Posted 23 March 2004 - 11:17 PM
Hayia all. Just got back from my road trip hence my previous silence but I'll try to respond to everyone here and again when I next can as I may have to set out again frequently.
Quoting Neorapsta: But then you have to factor into account that the BBC takes the most pesimistic views when it comes to human development, being they only take one side of things and it has to please the right sort of people.
Fact is if you use the probability model I normally use, 0.02% of anything your measuring, ie.psychics, fortune tellers whatever. In this case, there would possibly be upto 400 million races in our Galaxy alone, or something around that area, can't be bothered to really go into minute details.
You may well be right regarding BBC's objectivity or rather their lack thereof, Neo. However, I'm aware of the 'Formula for Advanced Life' that you are speaking of and saw yet another documentary, this time on Nova - which is a bit more objective, wherein a scientist explained all of the factors in their equation for advanced life. Sadly that formula suffers from the same lack of objectivity which the BBC has, only in its case it is from the opposite side of the argument.
The formula takes into account all of the possible Galaxies x Star systems within each galaxy x Possible planets orbitting each star, etc.
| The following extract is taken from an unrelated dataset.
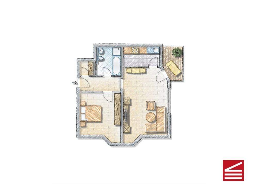• Flur - Eingang - Abstellraum rechts, Bad u. Schlafen links - 2 Zimmer Etagenwohnung zum Kaufen in Baden-Baden
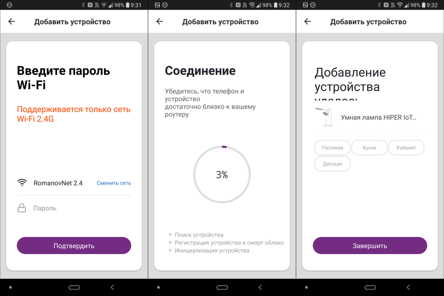Выбираем сеть, вводим пароль. Соединение занимает порядка 10 секунд, после чего система рапортует о том, что все готово, и предлагает сразу добавить устройство в одну из комнат. В приложении есть небольшие проблемы с версткой — часть предложений не помещается в экран. Так часто случается при переводе интерфейса на русский язык. Выглядит не очень аккуратно, но на работу не влияет. И, надеемся, будет поправлено в будущих версиях.

The formula did contain a factor for the unlikeliness for life to start and another for life to advance but even then it didn't accurately account for each in the equation and a few other negative modifiers, but it intentionally only included a few negative modifiers but a sleu of positive. However the formula left out completely most of the factors that led to life as we know it, such as having just the right type of minerals to create things that were building blocks in our ability to create ever better things. It also did not take into account things such as predation, food supplies, and other very essential categories in the advancement from simple life to complex and then later advanced sentience. There is a vast list of key ingredients to the end-product of a race of space travellers, or for that matter even a species that can even equal our own existance, that just are never taken into account by any of the scientists that are true believers in its possibility.
If the best possible formula for our equals being out there somewhere only has a 0.000*1 % (The * because I can't remember the exact number of 0s before the 1 but that it was quite a few) chance of probability when you don't even take into account all of the things that could go wrong to prevent it, then the odds after taking those things into account would be so small that it is no wonder the scientists, who earn their living by proclaiming their field of study to be worth spending money on, would completely avoid using the true formula for life equal to our own.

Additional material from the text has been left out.